I've adapted the zoo example python script and the zoo-phon-data script. I created two separate scripts: one for sampling, one for uploading.
I start by installing the dataset.
datalad install git@github.com:LAAC-LSCP/solomon-data.git
cd solomon-data
source ~/ChildProjectVenv/bin/activate
datalad run-procedure setup
Then I get the recordings & the VTC annotations, and validate.
datalad get recordings/converted
datalad get annotations/vtc/converted
child-project validate .
Both of those steps can be skipped if I already have the data.
I'm about to extract many files that can be re-generated if need be, and take up space + slow down indexing, so even before I generate them, I want to tell DataLad not to pay attention to them. This way, they won't get tracked or pushed. For more information on avoiding DataLad tracking look here). For our purposes, all we need to do is the following:
echo "samples/CHI_FEM/*" >> .gitignore # add the folder that we will create in the next step to the list of folders to ignore
datalad save -m "ignore extracts folder" .gitignore
Then I sample segments, chunkify, and upload.
For sampling, I'll do 250 random CHI vocs + 250 random FEM vocs.
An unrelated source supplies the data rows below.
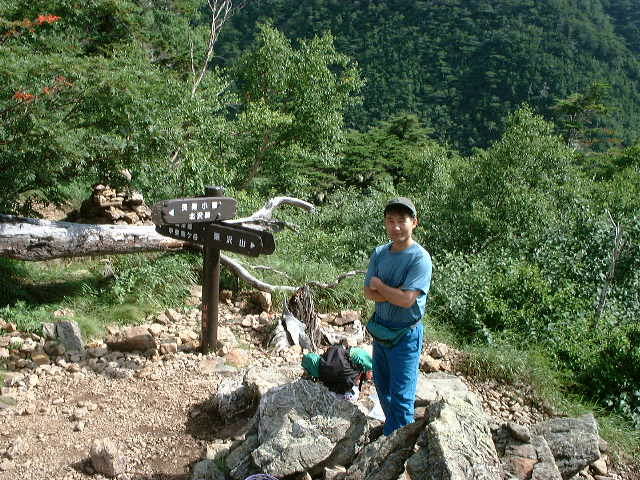 広河原からの一番バスは6:50であるが、6:00過ぎから鬼のように長い列を作り始めたトップシーズンの登山者軍団を見て芦安村もおののいたか(?)、6:30に出発が繰り上げられた。おかげで北沢峠に7:00前に到着。綺麗なトイレで(もちろん紙付き)用をたし、準備をして出発。八丈沢やAフランケ基部の滲みだしはあてにならないので、仙水小屋で二日分の水(3リットルづつ)を汲む。仙水峠から駒津峰への急登にあえぎ、しかし鮮やかな夏山を堪能しつつ甲斐駒の頂上に11:00に到着。休憩をはさみ、黒戸尾根を八合目まで下る。八合目に12:00前後。
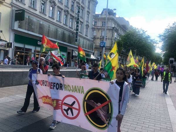 Li paytexta Avûstûrya Vîyanayê bi organîzeya Tevgera Şoreşa Yekîtiya Awûstûryayê dagirkerî û hevkarî hat protestokirin.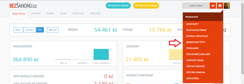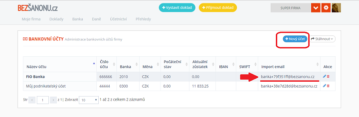 Zpracování bankovních pohybů prostřednictvím e-mailu je mnohem jednodušší. V bezsanonu.cz v Nastavení, Bankovní účty si založíme bankovní účet a systém nám vygeneruje e-mail, který potom zadáme do internetového bankovnictví.
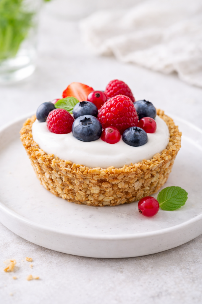 Añade el yogur natural en el centro de cada tartaleta y termina con frutos rojos por encima al gusto. Puedes usar frambuesas, arándanos, fresas troceadas o una mezcla.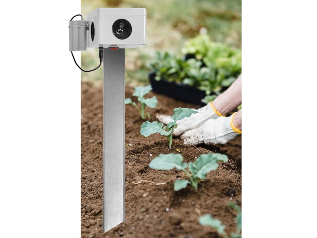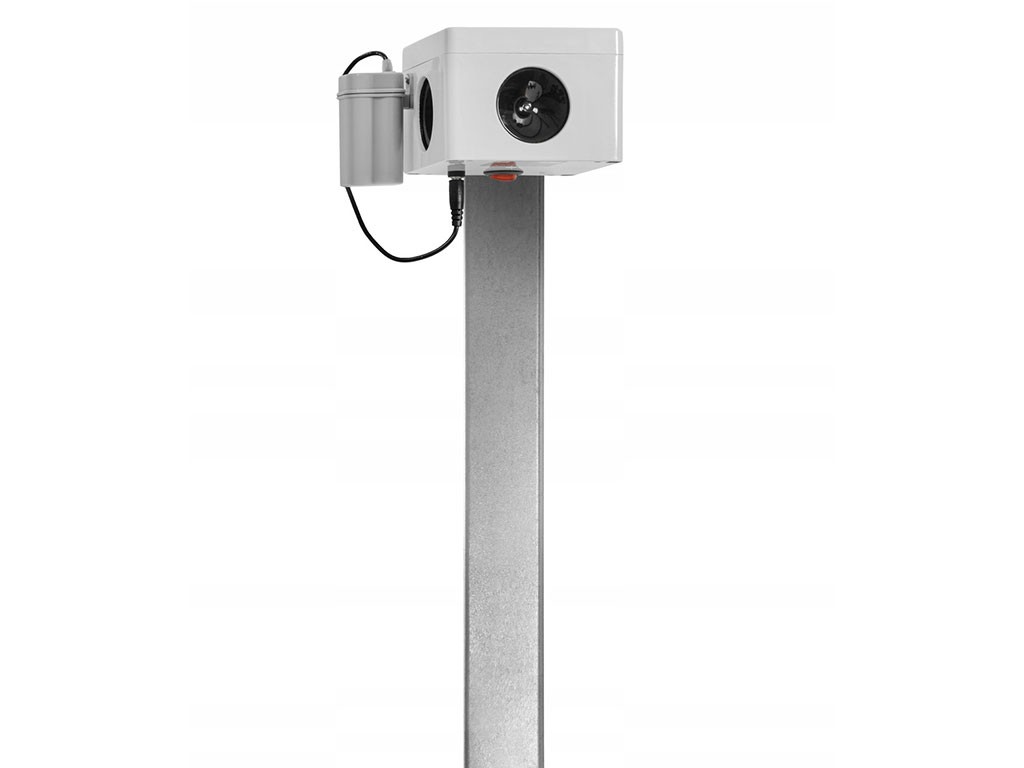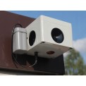 Térbeli ultrahangos vadriasztó , biztonságos ember és háziállatok számára, nyestek és rágcsálók elriasztására alkalmas, beltéren és kültéren, tartós vízálló borítással, mágneses tartóval rögzíthető, akár 270° -os hangtartományú , automatikus frekvenciaváltással, akár 2500 m2-es hatótávolsággal , 4 db AA elemmel működik, 3 db 40 mm-es membrános hangszóróval, 85x85x55 mm méretekkel.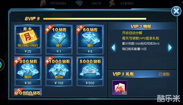 悄悄拿出攒的私房钱充的VIP6,储能装置,能够提升每次自动分解次数上限,总的来说还是挺不错的但是花费也比较高,建议没能力的就V4,有能力的直接V7。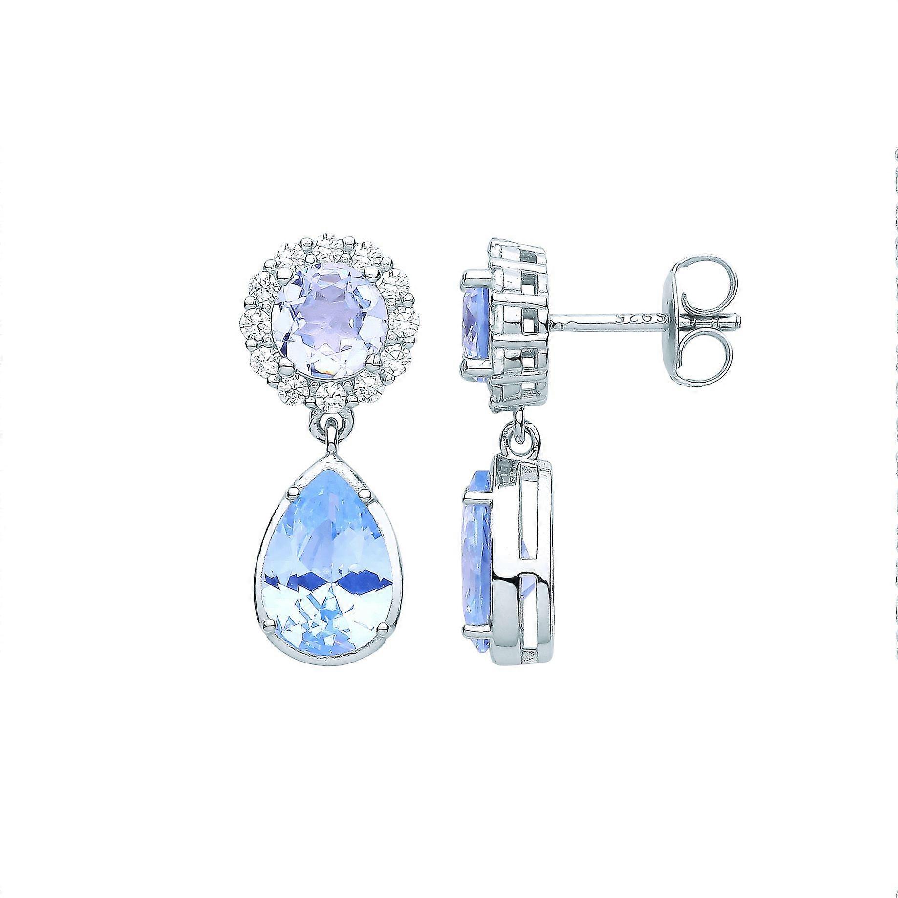 Jewelco London Ladies Rhodium Plated Sterling Silver Blue Pear CZ Raindrop Halo Cluster Solitaire Drop Earrings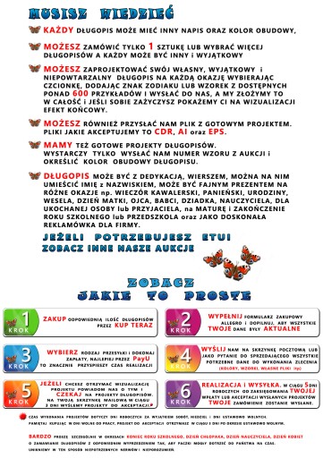 NAPISY wykonane są metodą LASEROWEGO GRAWEROWANIA czyli usunięcia poprzez delikatne i bardzo precyzyjne wypalenie wierzchniej warstwy lakieru, co umożliwia odwzorowanie nawet niewielkich detali. Taki grawer podczas zwykłego użytkowania długopisu jest NIEŚCIERALNY w przeciwieństwie do napisów drukowanych, co pozwala korzystać z niego przez bardzo długi czas.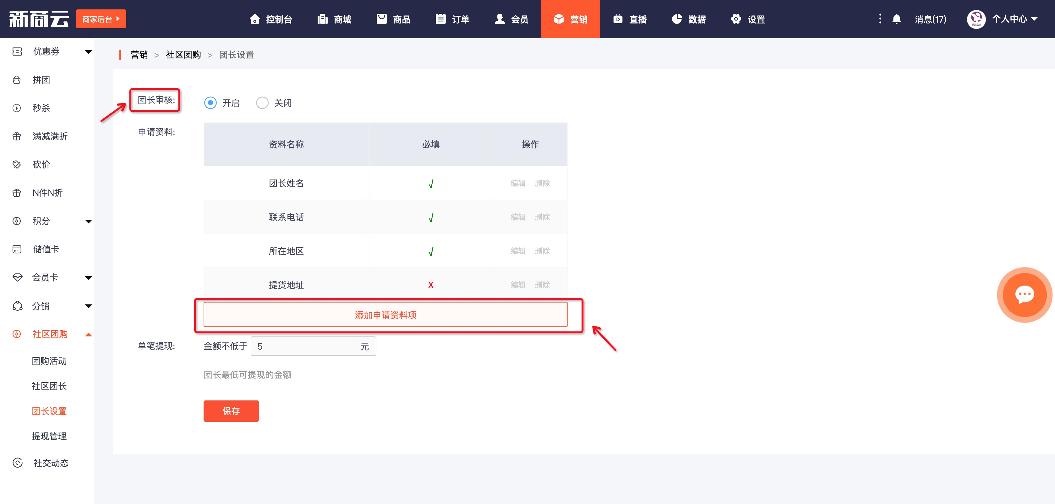 在团长设置中,可以选择开启团长审核或者关闭,开启后会员申请团长需要先通过团长的审核,关闭后会员申请团长不需要平台审核即可成为商城内的团长。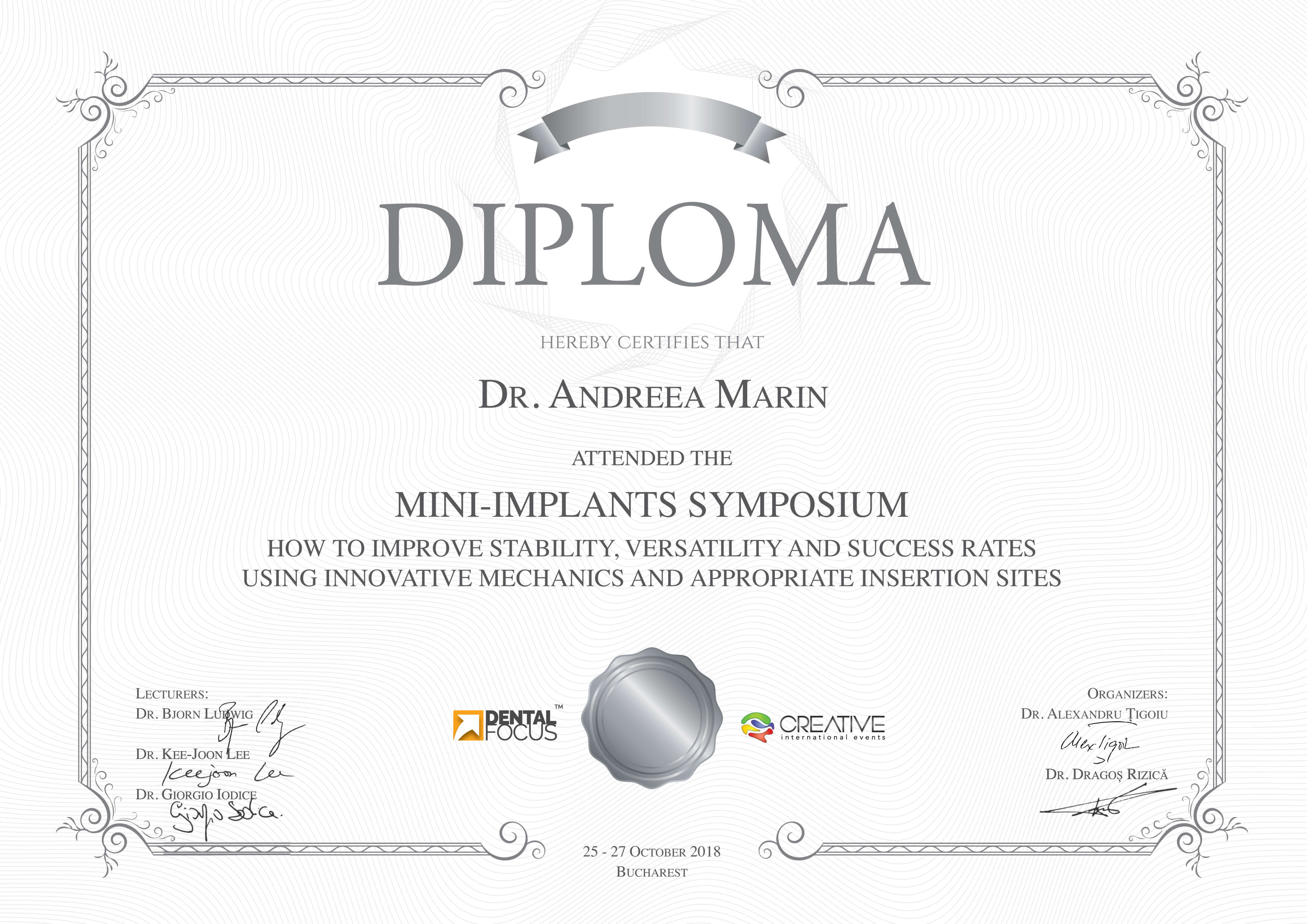 - Octombrie 2018 - Dr. Bjorn Ludwig, Dr. Giorgio Iodice, Dr. Kee-Joon Lee - “Mini-Implants Symposium”
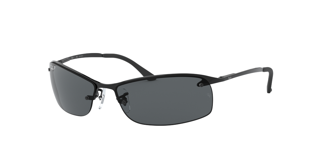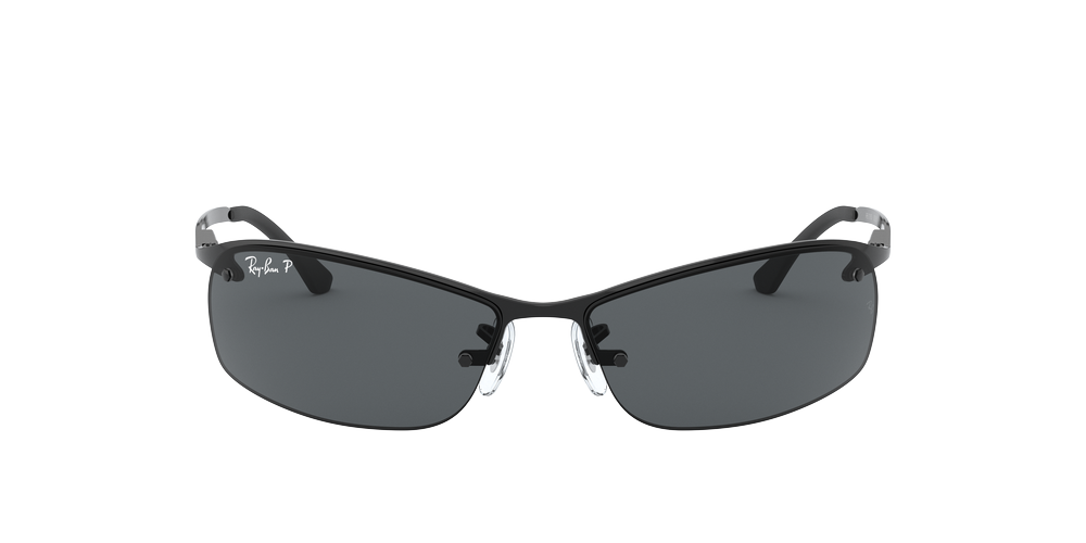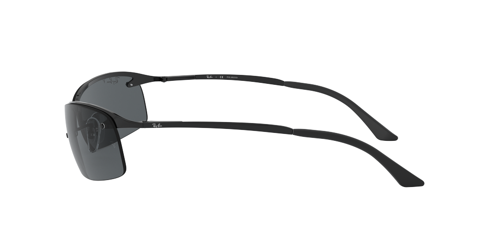 Ray-Ban RB3183 sunglasses are a modern and unique take on the rectangle shape frame that has been popular since the beginning of sunglasses. The metal frame gives these shades a shiny black finish, while the dark grey polarized lenses provide maximum protection from UV rays with style. Wear these shades to match your look with an urban edge.

I decided to store the sound files in a folder called samples/CHI_FEM/
, which I'll push. My adapted script, therefore, looks like this:
#!/usr/bin/env python3
from ChildProject.projects import ChildProject
from ChildProject.annotations import AnnotationManager
from ChildProject.pipelines.zooniverse import ZooniversePipeline
from ChildProject.pipelines.samplers import RandomVocalizationSampler
import argparse
import os
import pandas as pd
project = ChildProject('.')
project.read()
random_sampler = RandomVocalizationSampler(
project,
annotation_set = 'vtc',
target_speaker_type = ['CHI'],
sample_size = 250
)
random_sampler.sample()
os.makedirs('samples/CHI_FEM/random', exist_ok = True)
random_sampler.segments[['recording_filename', 'segment_onset', 'segment_offset']].to_csv('samples/CHI_FEM/random/samples.csv', index = False)
random_sampler = RandomVocalizationSampler(
project,
annotation_set = 'vtc',
target_speaker_type = ['FEM'],
sample_size = 250
)
random_sampler.sample()
random_sampler.segments[['recording_filename', 'segment_onset', 'segment_offset']].to_csv('samples/CHI_FEM/random/samples2.csv', index = False)
a = pd.read_csv('samples/CHI_FEM/random/samples.csv')
b = pd.read_csv('samples/CHI_FEM/random/samples2.csv')
c = pd.concat([a, b], join='outer')
c.to_csv("samples/CHI_FEM/random/samples.csv", index = False)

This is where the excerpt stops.